_INPUT_:
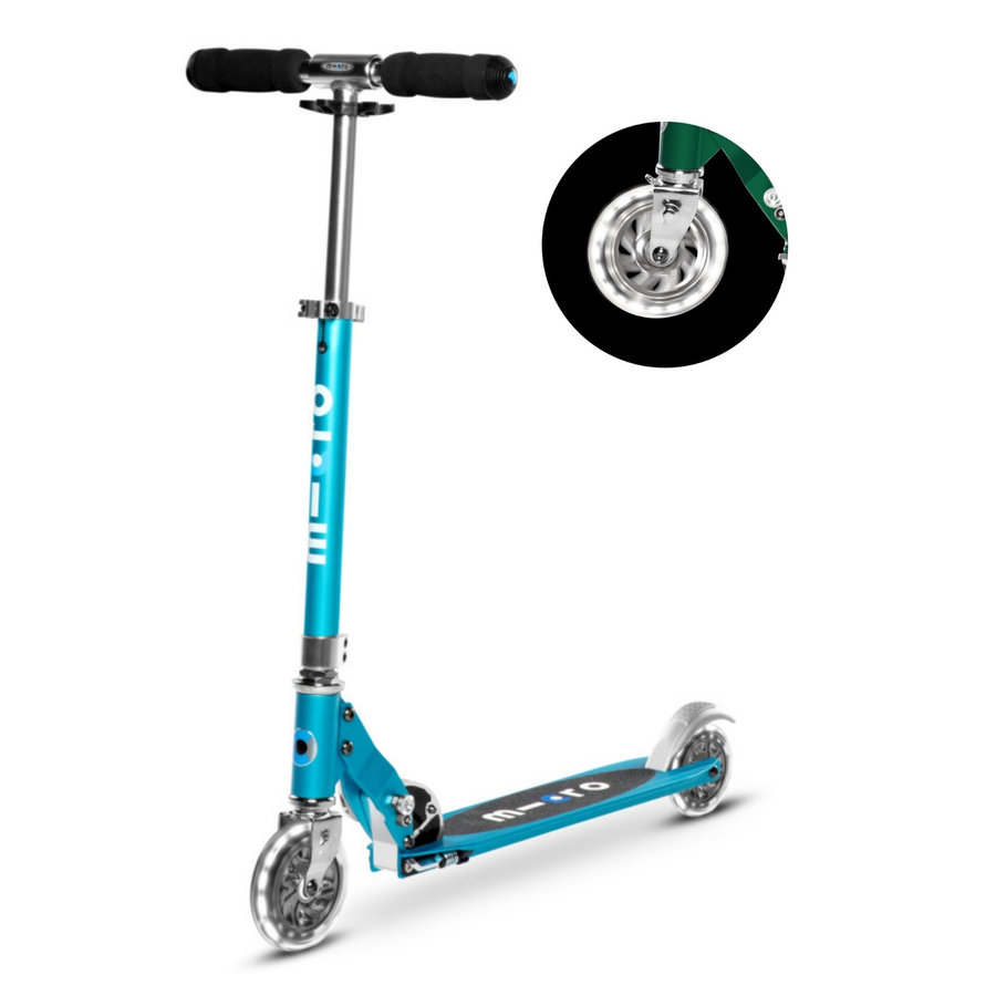 Mooie twee wiel step met LED verlichting in de wielen. De slimme LED-technologie gebruikt inductie-energie om de kracht die kinderen creëren terwijl ze steppen. Geen batterijen. Geen gedoe. De wielen lichten wit op, om de donkerste avonden te verlichten en de meest gewone dagen op te fleuren. Kinderen vinden het geweldig. De Sprite stuurt als een fiets en rijdt nagenoeg geruisloos. Of het nu gaat om het opbouwen van snelheid of het nemen van obstakels, kinderen kunnen het gemakkelijk doen dankzij het slimme Zwitserse ontwerp van de Sprite.
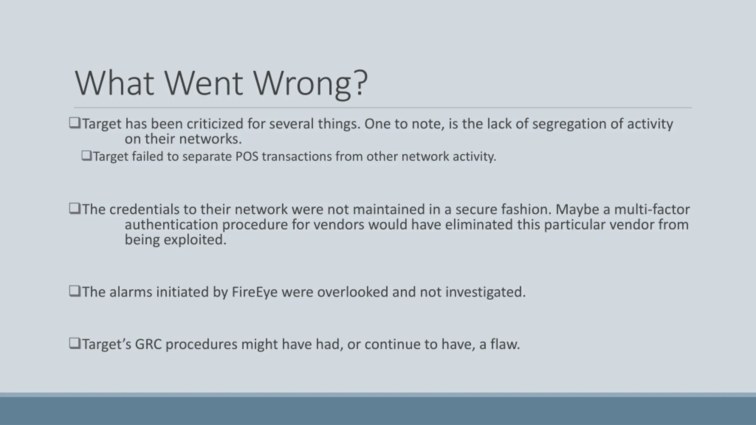 What Went Wrong? Target has been criticized for several things. One to note, is the lack of segregation of activity on their networks. Target failed to separate POS transactions from other network activity. The credentials to their network were not maintained in a secure fashion. Maybe a multi-factor authentication procedure for vendors would have eliminated this particular vendor from being exploited. The alarms initiated by FireEye were overlooked and not investigated. Target s GRC procedures might have had, or continue to have, a flaw.
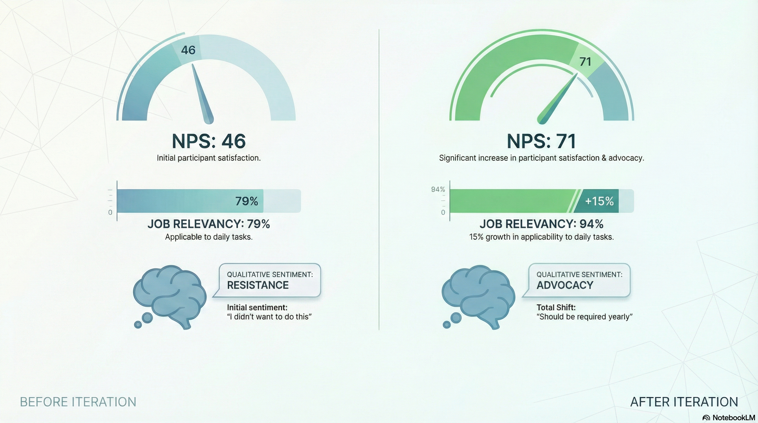 We saw a significant positive transformation in attitudes and perceived value following our shift. There was a substantial increase in advocacy as measured by a 25-point jump in the Net Promotor Score. Participants also reported that the training felt far more applicable and relevant to their roles, with relevancy ratings climbing to a near total consensus at 94%.
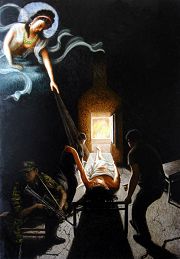 创作说明:画面主体是一位女大法弟子刚刚被解剖,身体的器官已经被摘除,昏迷中要将她投入炼人炉的恐怖场面。这时,一位菩萨赶来迎接这位女弟子,女弟子苏醒过来,痛苦中手伸向菩萨……身边的罪恶的执行者们并不关心人的死活,麻木中继续着罪恶的行为。手握着枪的看守士兵似乎已经完全习惯了这种罪恶,说明着中共邪党用魔性代替人性。
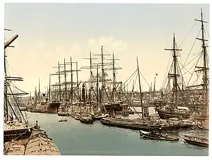 Depuis le milieu du XIXe siècle, Hambourg est le principal centre naval et commercial d'Allemagne[1]. Le port en est le cœur économique. De 1856 à 1886, la quantité de marchandises importées par bateau à Hambourg triple. Cette croissance est principalement due au développement des relations commerciales avec l'Amérique latine, après que ces régions se soient détachées du Portugal et de l'Espagne. À ceci s'ajoute l'émigration vers l'Amérique. Ce concours de circonstances diminue le coût du fret entre l'Amérique et Hambourg, les navires pouvant faire l'aller et le retour les cales pleines.
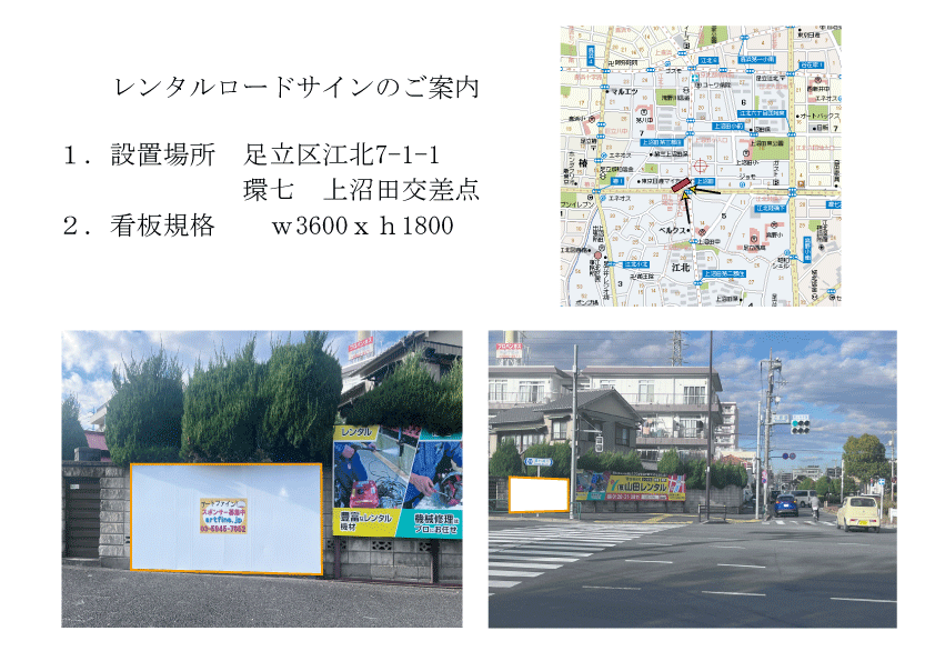 T-AD-10134 環七 上沼田交差点 物件No.T-AD-10134 物件名環七 上沼田交差点 所在地足立区江北7-1-1 サイズW(横)3600 サイズH(縦)1800 摘要 ↓画像をクリックすると拡大されます。 ※streetviewは現状と相違する場合があります。参考としてご覧ください。 クライアントおよび掲出内容、デザイン審査が有ります。 看板の価格、最新空き状況は下記よりお問い合わせください。 ↓お問い合わせはこちらから By artfine | 2021年2月8日 | 1)東京都23区, 看板物件情報 | ← T-ST-20234 環八 瀬田 三段式上段 T-NK-20193 環七 大和陸橋 野方ビル屋上A →
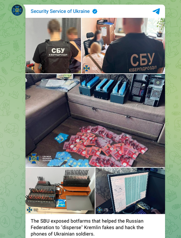 Russian bot farm operators detained: Ukrainian authorities have arrested two individuals who ran mobile bot farms. The two suspects used Ukrainian SIM cards to register more than 15,000 social media accounts and sold access to the accounts through the dark web. The Ukrainian SBU says Russian intelligence bought access to some of these accounts to spread pro-Kremlin propaganda and send smishing messages to Ukrainian soldiers.
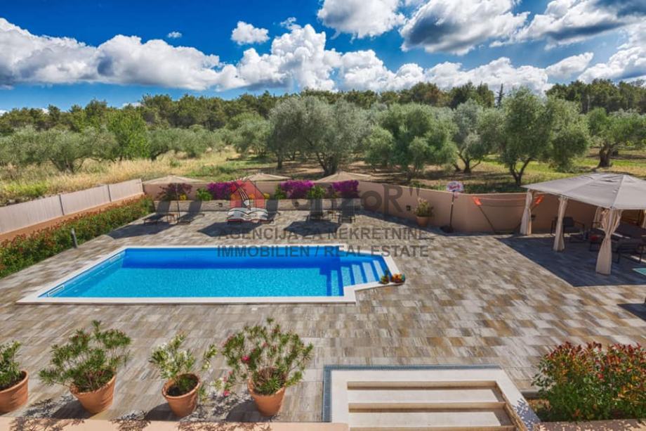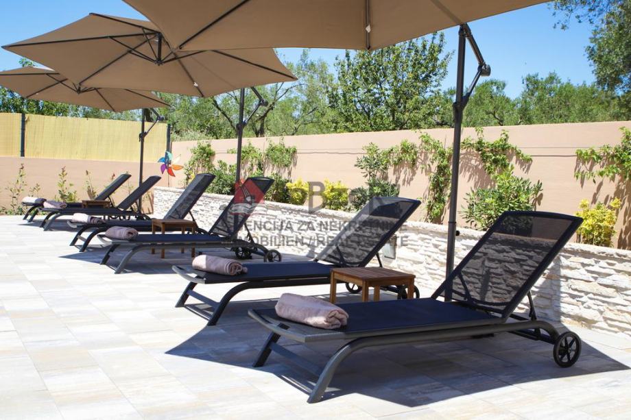 Sveukupna neto stambena površina kuće iznosi 259,80 m2 a površina bazena je 38m2.
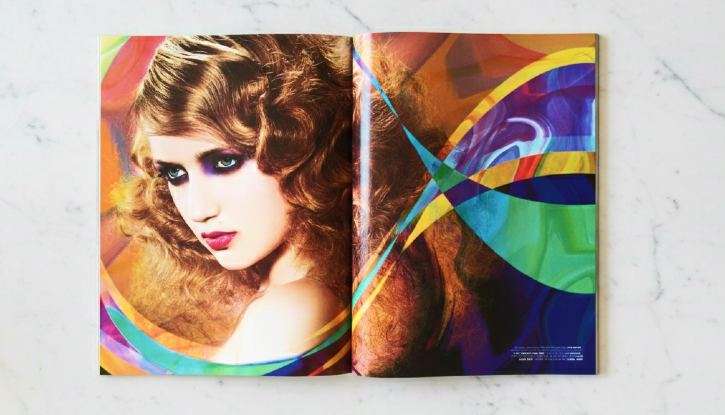 For the first editorial, I created a watercolor painting on wood, then scanned it to layer in texture and color across the series, giving the spreads a tactile, painterly depth.

_ABOUT THIS EXERCISE_:
Pictures aside, retype the entries above exactly as they are.

_TASK RESPONSE_:
 Mooie twee wiel step met LED verlichting in de wielen. De slimme LED-technologie gebruikt inductie-energie om de kracht die kinderen creëren terwijl ze steppen. Geen batterijen. Geen gedoe. De wielen lichten wit op, om de donkerste avonden te verlichten en de meest gewone dagen op te fleuren. Kinderen vinden het geweldig. De Sprite stuurt als een fiets en rijdt nagenoeg geruisloos. Of het nu gaat om het opbouwen van snelheid of het nemen van obstakels, kinderen kunnen het gemakkelijk doen dankzij het slimme Zwitserse ontwerp van de Sprite.
 What Went Wrong? Target has been criticized for several things. One to note, is the lack of segregation of activity on their networks. Target failed to separate POS transactions from other network activity. The credentials to their network were not maintained in a secure fashion. Maybe a multi-factor authentication procedure for vendors would have eliminated this particular vendor from being exploited. The alarms initiated by FireEye were overlooked and not investigated. Target s GRC procedures might have had, or continue to have, a flaw.
 We saw a significant positive transformation in attitudes and perceived value following our shift. There was a substantial increase in advocacy as measured by a 25-point jump in the Net Promotor Score. Participants also reported that the training felt far more applicable and relevant to their roles, with relevancy ratings climbing to a near total consensus at 94%.
 创作说明:画面主体是一位女大法弟子刚刚被解剖,身体的器官已经被摘除,昏迷中要将她投入炼人炉的恐怖场面。这时,一位菩萨赶来迎接这位女弟子,女弟子苏醒过来,痛苦中手伸向菩萨……身边的罪恶的执行者们并不关心人的死活,麻木中继续着罪恶的行为。手握着枪的看守士兵似乎已经完全习惯了这种罪恶,说明着中共邪党用魔性代替人性。
 Depuis le milieu du XIXe siècle, Hambourg est le principal centre naval et commercial d'Allemagne[1]. Le port en est le cœur économique. De 1856 à 1886, la quantité de marchandises importées par bateau à Hambourg triple. Cette croissance est principalement due au développement des relations commerciales avec l'Amérique latine, après que ces régions se soient détachées du Portugal et de l'Espagne. À ceci s'ajoute l'émigration vers l'Amérique. Ce concours de circonstances diminue le coût du fret entre l'Amérique et Hambourg, les navires pouvant faire l'aller et le retour les cales pleines.
 T-AD-10134 環七 上沼田交差点 物件No.T-AD-10134 物件名環七 上沼田交差点 所在地足立区江北7-1-1 サイズW(横)3600 サイズH(縦)1800 摘要 ↓画像をクリックすると拡大されます。 ※streetviewは現状と相違する場合があります。参考としてご覧ください。 クライアントおよび掲出内容、デザイン審査が有ります。 看板の価格、最新空き状況は下記よりお問い合わせください。 ↓お問い合わせはこちらから By artfine | 2021年2月8日 | 1)東京都23区, 看板物件情報 | ← T-ST-20234 環八 瀬田 三段式上段 T-NK-20193 環七 大和陸橋 野方ビル屋上A →
 Russian bot farm operators detained: Ukrainian authorities have arrested two individuals who ran mobile bot farms. The two suspects used Ukrainian SIM cards to register more than 15,000 social media accounts and sold access to the accounts through the dark web. The Ukrainian SBU says Russian intelligence bought access to some of these accounts to spread pro-Kremlin propaganda and send smishing messages to Ukrainian soldiers.
 Sveukupna neto stambena površina kuće iznosi 259,80 m2 a površina bazena je 38m2.
 For the first editorial, I created a watercolor painting on wood, then scanned it to layer in texture and color across the series, giving the spreads a tactile, painterly depth.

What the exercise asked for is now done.